Problem
Leave the pictures out and reproduce, exactly, the lines from the one with "KZ真维斯高腰阔腿百搭加绒牛仔裤 女直筒宽松休闲秋冬小个子九分裤" through the end of the entries below.

Dataset records
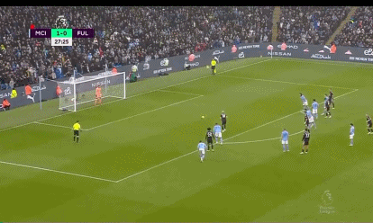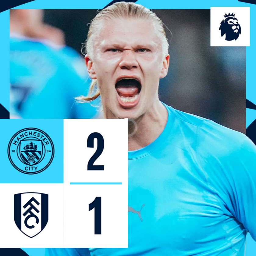最终全场比赛结束,曼城2-1险胜富勒姆。
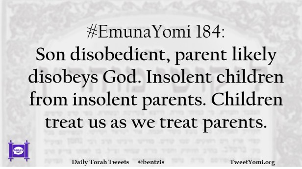 #EmunaYomi 184: Son disobedient, parent likely disobeys God. Insolent children from insolent parents. Children treat us as we treat parents.
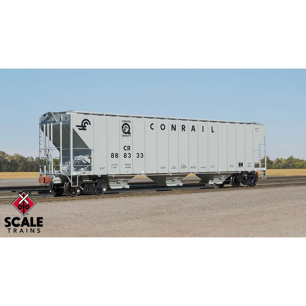 - Highly-detailed Barber S-2 100-ton trucks with finely rendered raised foundry data, rotating bearing caps, side bearing detail, and truck-mounted brake beams
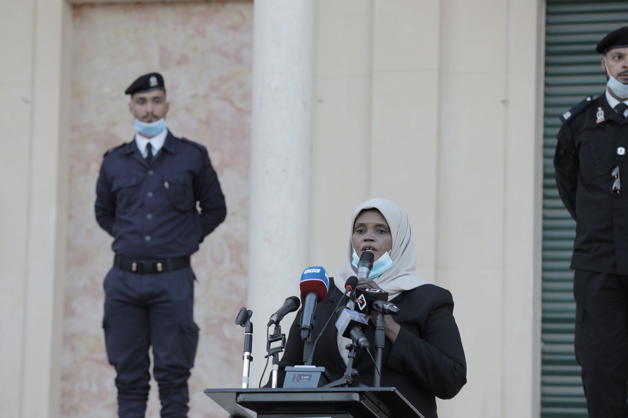 وألقت الأستاذة مبروكة توغي عثمان وزيرة الثقافة والتنمية المعرفية كلمة بالمناسبة، قدمت فيها التهنئة لرئيس وأعضاء المجلس البلدي المنتخب، متمنية لهم التوفيق في خدمة المدينة، مؤكدةً أن وزارة الثقافة ستكون دائماً داعماً لكل عمل يعزز العمل الثقافي ويساهم في تشجيع التنمية المعرفية.
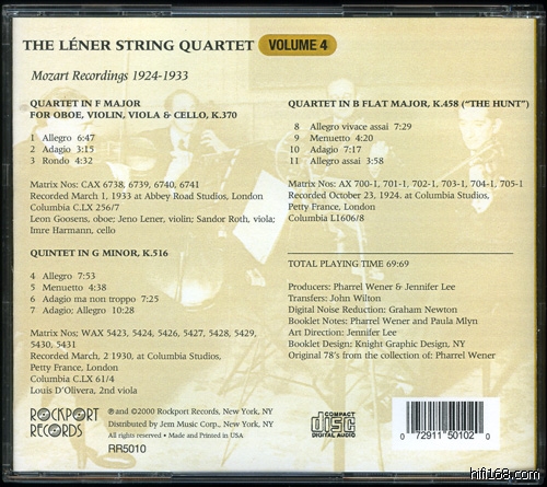 这张唱片是Mozart专辑,Léner SQ.表现出显著的纤细音色。在双簧管四重奏K.370中Leon Goosens(1897-1988,唱片印成Leon Goosens应该有误)表现得十分抢眼,虽然他温和的音色非常配合Léner的纤细,不过双簧管的声音始终漂浮在弦乐之上,Léner就像湖面的微波,Goosens是小舟。
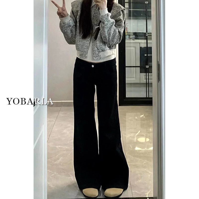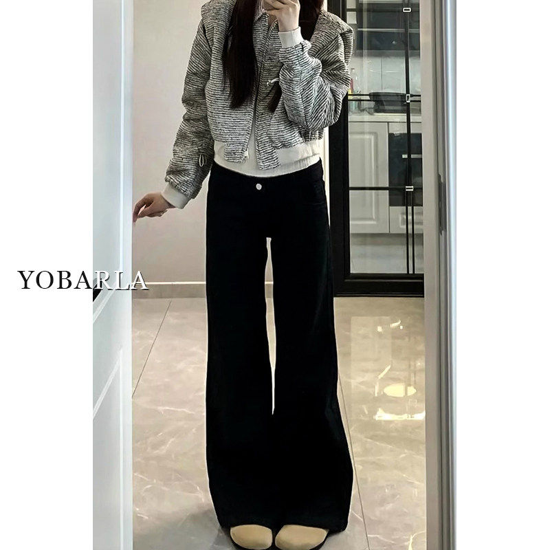 KZ真维斯高腰阔腿百搭加绒牛仔裤 女直筒宽松休闲秋冬小个子九分裤
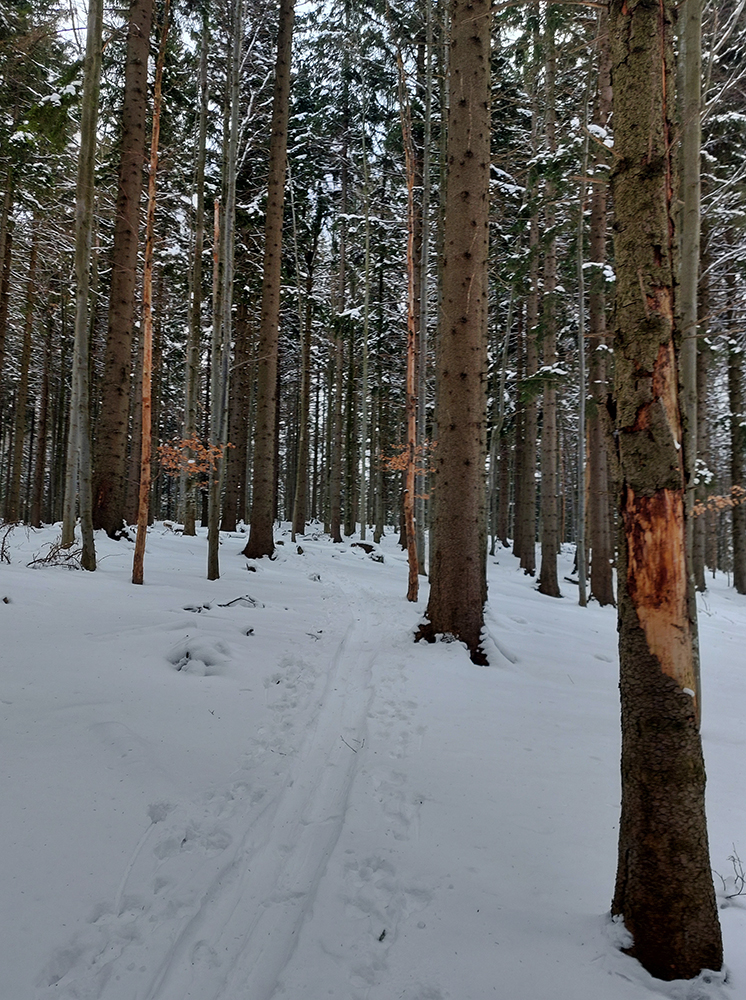 Jasná správa: kto chce ísť teraz na Hole na pásoch, oveľa lepšie spraví, keď pôjde z Vrútok a nie z Martina. Serpentíny zo Strání, spod starej lanovky (žltá značka) sú od mostíka také zodraté pešiakmi, že ažžžž. Zato od rampy v Jedľovinách, kde vyberajú poplatok za cestu, sa v podstate dá hore aj dole od auta. Zaparkovať je kde na dvoch malých parkoviskách hneď nad rampou. Cesta „investička“, ktorá odtiaľ vedie na tie Stráne, je spevnená, pokrytá pár cenťákmi autami ujazdeného a pešiakmi uchodeného snehu, ideál aj pre mtb. Síce na začiatku (medzi parkoviskami a za prvou zákrutou) cvakajú zubami húfy malých piraní, ale cestou hore je ľahké sa im vyhnúť a cestou dole sa dajú opatrne poobchádzať. Alebo už zniesť, je to k rampe ani nie 500 m. Od krmelca na prvom kopčeku je to už pohoda hore aj dole, samozrejme s trochou pozornosti. Takto to vyzeralo, len som na jednom mieste trochu experimentoval a moc to nevyšlo, na to upozorním nižšie. No v tejto biede treba improvizovať, čo už...
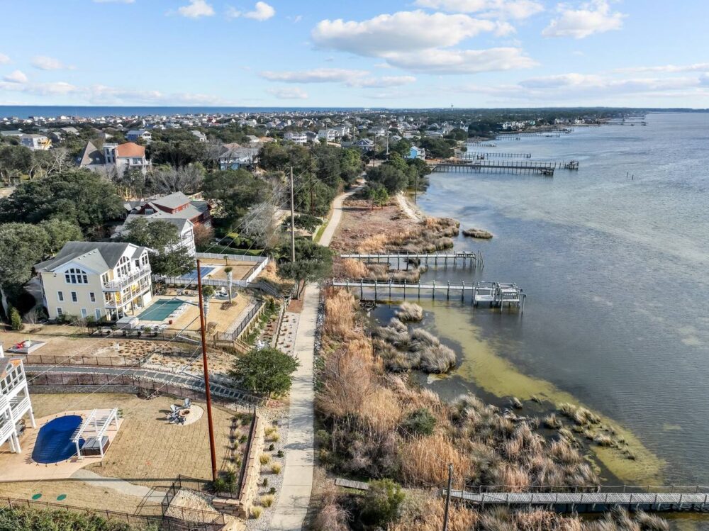 Nestled near Kitty Hawk Bay, this home offers access to a scenic sound-front walking path—perfect for morning strolls or sunset views over the water. When you’re ready for the beach, it’s just a 4-minute drive (1.2 miles) to Lillian Street Beach Access or Kitty Hawk Bath House, where you’ll find convenient parking and direct ocean access.
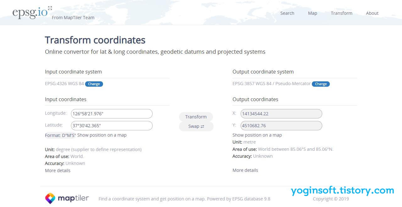 이러한 좌표변한을 간단하게 온라인에서 확인 할 수 있는 사이트가 있습니다. epsg.io 는 MapTiler라는 지도 제작, 온라인 서비스 업체에서 운영하는 사이트입니다. 로그인 하면 아래 화면처럼 좌표계 정보 조회, 좌표변환, 좌표 확인을 할 수 있습니다.
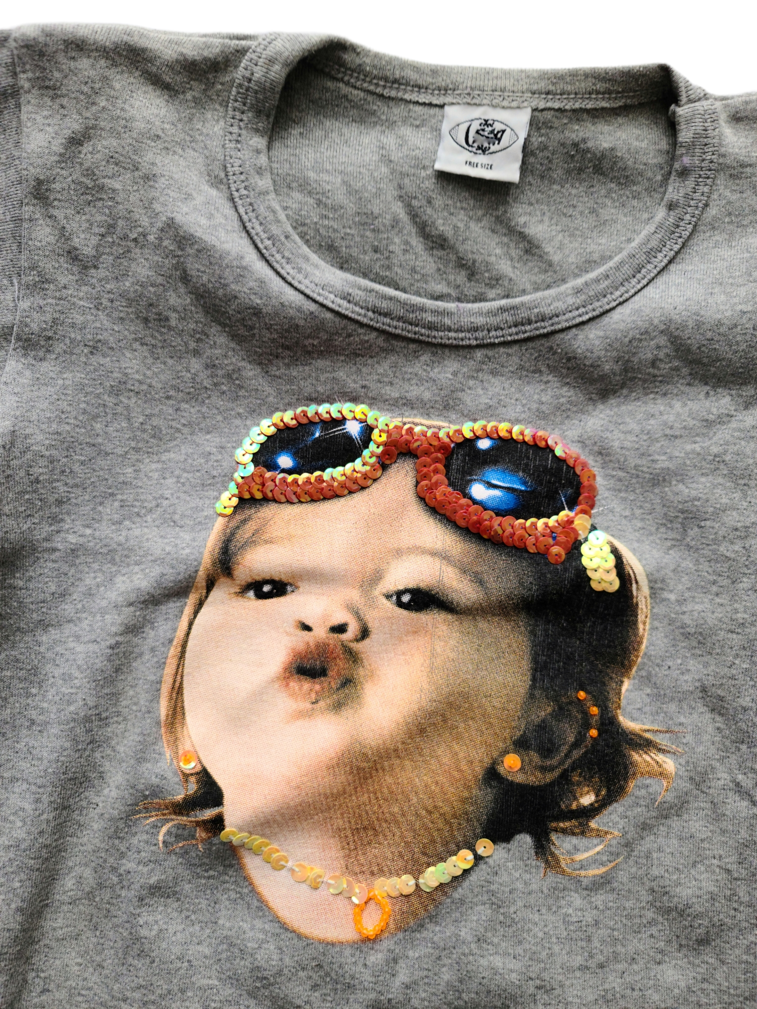 Amazing grey baby printed t-shirt, vintage harajuku cyberpunk archive. Embossed rhinestone and piercing details. RARE.

Reply to the task
 KZ真维斯高腰阔腿百搭加绒牛仔裤 女直筒宽松休闲秋冬小个子九分裤
 Jasná správa: kto chce ísť teraz na Hole na pásoch, oveľa lepšie spraví, keď pôjde z Vrútok a nie z Martina. Serpentíny zo Strání, spod starej lanovky (žltá značka) sú od mostíka také zodraté pešiakmi, že ažžžž. Zato od rampy v Jedľovinách, kde vyberajú poplatok za cestu, sa v podstate dá hore aj dole od auta. Zaparkovať je kde na dvoch malých parkoviskách hneď nad rampou. Cesta „investička“, ktorá odtiaľ vedie na tie Stráne, je spevnená, pokrytá pár cenťákmi autami ujazdeného a pešiakmi uchodeného snehu, ideál aj pre mtb. Síce na začiatku (medzi parkoviskami a za prvou zákrutou) cvakajú zubami húfy malých piraní, ale cestou hore je ľahké sa im vyhnúť a cestou dole sa dajú opatrne poobchádzať. Alebo už zniesť, je to k rampe ani nie 500 m. Od krmelca na prvom kopčeku je to už pohoda hore aj dole, samozrejme s trochou pozornosti. Takto to vyzeralo, len som na jednom mieste trochu experimentoval a moc to nevyšlo, na to upozorním nižšie. No v tejto biede treba improvizovať, čo už...
 Nestled near Kitty Hawk Bay, this home offers access to a scenic sound-front walking path—perfect for morning strolls or sunset views over the water. When you’re ready for the beach, it’s just a 4-minute drive (1.2 miles) to Lillian Street Beach Access or Kitty Hawk Bath House, where you’ll find convenient parking and direct ocean access.
 이러한 좌표변한을 간단하게 온라인에서 확인 할 수 있는 사이트가 있습니다. epsg.io 는 MapTiler라는 지도 제작, 온라인 서비스 업체에서 운영하는 사이트입니다. 로그인 하면 아래 화면처럼 좌표계 정보 조회, 좌표변환, 좌표 확인을 할 수 있습니다.
 Amazing grey baby printed t-shirt, vintage harajuku cyberpunk archive. Embossed rhinestone and piercing details. RARE.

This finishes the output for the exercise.